The wind comes from every direction. Any direction. Strands of myself are blowing out, billowing, wrapping across my eyes, getting stuck in my partially open lips.
My mouth is dry. I am at the center of a tornado. It is loud. Chaotic. Dark. But I'm not fighting. I'm not trying to get away.
I am still, in here.
I am still in here
I am still.
I am here.
I can see
even though my eyes are stuffed with sand
I'm not looking with my eyes.
When I look with my eyes I see:
a very patchy lawn
When I look with my Self, I see:
the grain of wood on the floorboards.
the wrinkles in my pillow,
crumpled crisscrossing lines
that I wake up with on my face.
the faint lines on the bottom of Rose's foot when I check for slivers.
lines that will stay with her for life.
This is the kind of looking that makes me feel alive, unclenches my jaw.
A child is crying.

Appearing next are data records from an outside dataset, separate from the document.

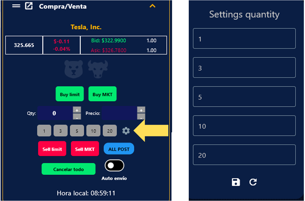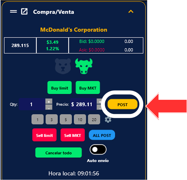 8. El botón de post te permite actualizar de forma rápida la cantidad de tu posición que tengas abierta.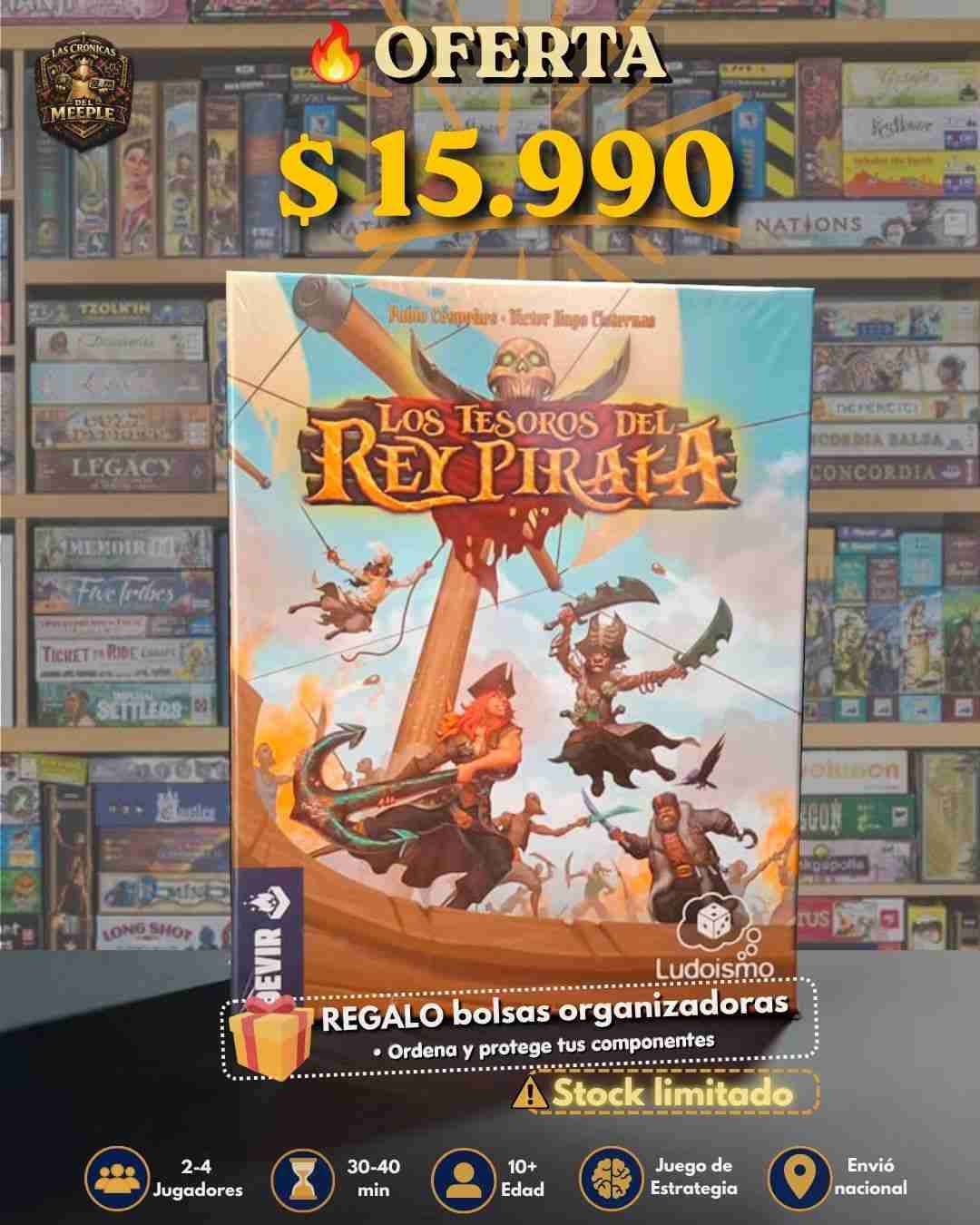 Juego de estrategia para 2-4 jugadores. Explora y se el mejor rey pirata. Incluye bolsas organizadoras de regalo.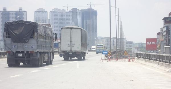 Vị đại diện PMU Thăng Long cũng thông tin, do dầm cầu không thể làm chéo được nên đã tính toán khoảng cách đoạn đường dẫn và nhập làn, vì vậy tuyến đường có đoạn rộng đoạn hẹp. Mặt đường đã được tính toán đủ làn đường theo vạch cong của tuyến và phần kẻ vạch sơn chéo, không cho phép xe đi vào.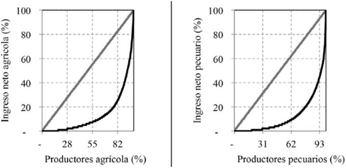 Para medir la distribución del ingreso de los productores agropecuarios, se utilizó el CG. El ingreso agropecuario se obtuvo de la suma de los ingresos agrícolas, pecuarios, forestales, acuacultura y transferencias de gobierno.
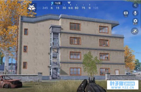 大房间内三面都是面积较大的窗户,我们在里面容易被外面的对手发现。因此,我们不宜在大房间内久留,搜集完物资以后就赶紧撤吧! 摸清了电梯楼的结构以后 下面该告诉大家 如何因地制宜地作战啦! 04 战术点睛 登高望远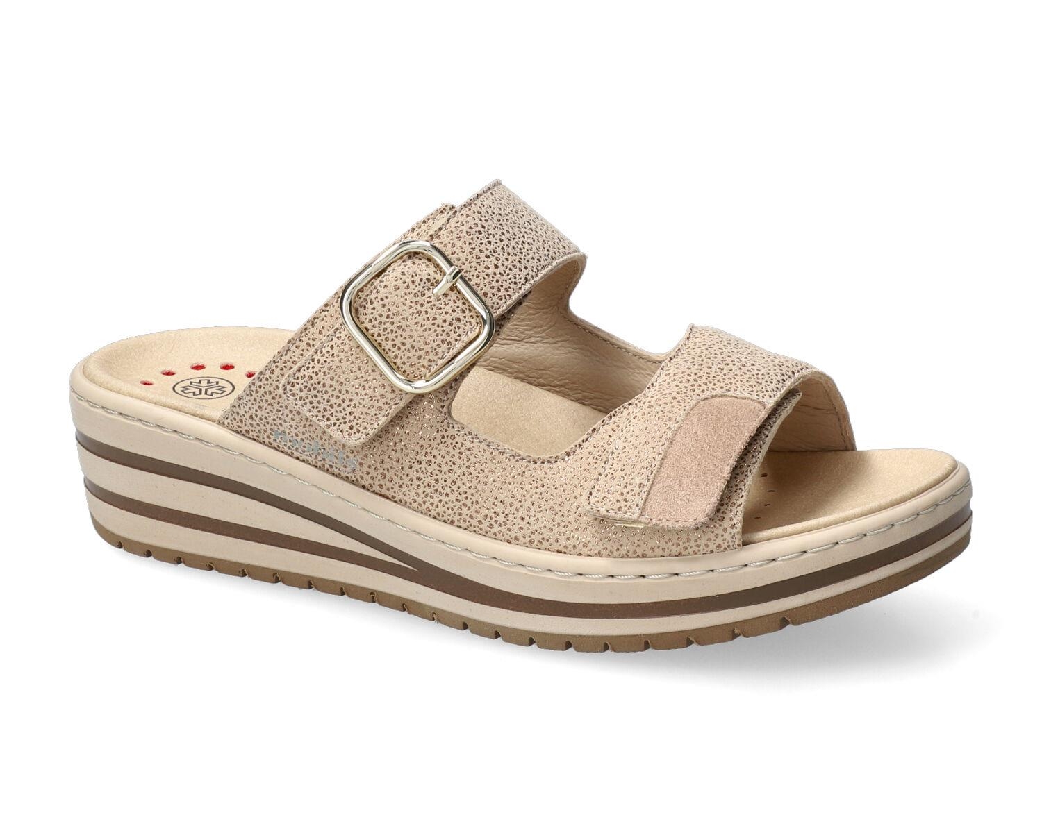 Découvrez nos élégantes mules compensées beiges, l'alliance parfaite entre confort orthopédique et style raffiné. Conçues pour vos journées actives ou vos soirées décontractées, ces sandales arborent une tige en cuir texturé d'une teinte champagne délicate, sublimée par une boucle décorative dorée sur la bride supérieure. Le double système de réglage à Velcro, dissimulé sous la boucle et sur la bride avant, assure un ajustement parfait et un maintien optimal pour chaque pied, garantissant un confort sur mesure. La semelle compensée légère offre une hauteur agréable sans compromettre la stabilité, tandis que la semelle intérieure matelassée et anatomique prend soin de vos pieds pas après pas. Idéales pour une marche prolongée, elles sont le choix parfait pour allier bien-être et élégance estivale.

My blood pressure is rising. A backpack needs to be zipped, hair needs to be braided, the bus stop needs to be arrived at. But my eye falls on the bookshelf with its evenly spaced boards and the books leaning at every angle. Order and the disorder existing together. I take a breath a remember that I am here. Now.
Seeing, looking, noticing like this is a lot like dropping my fists when I'm running, opening my palms, stretching my fingers, shaking my hands out like I'm letting something go, so when I fall back into my stride there is a looseness where tension used to be, clarity where the fog had been settling low, and a few full, long breaths that go all the way to the base of my lungs before settling back into a rhythm that's comfortable again, a rhythm I don't have to think about for awhile.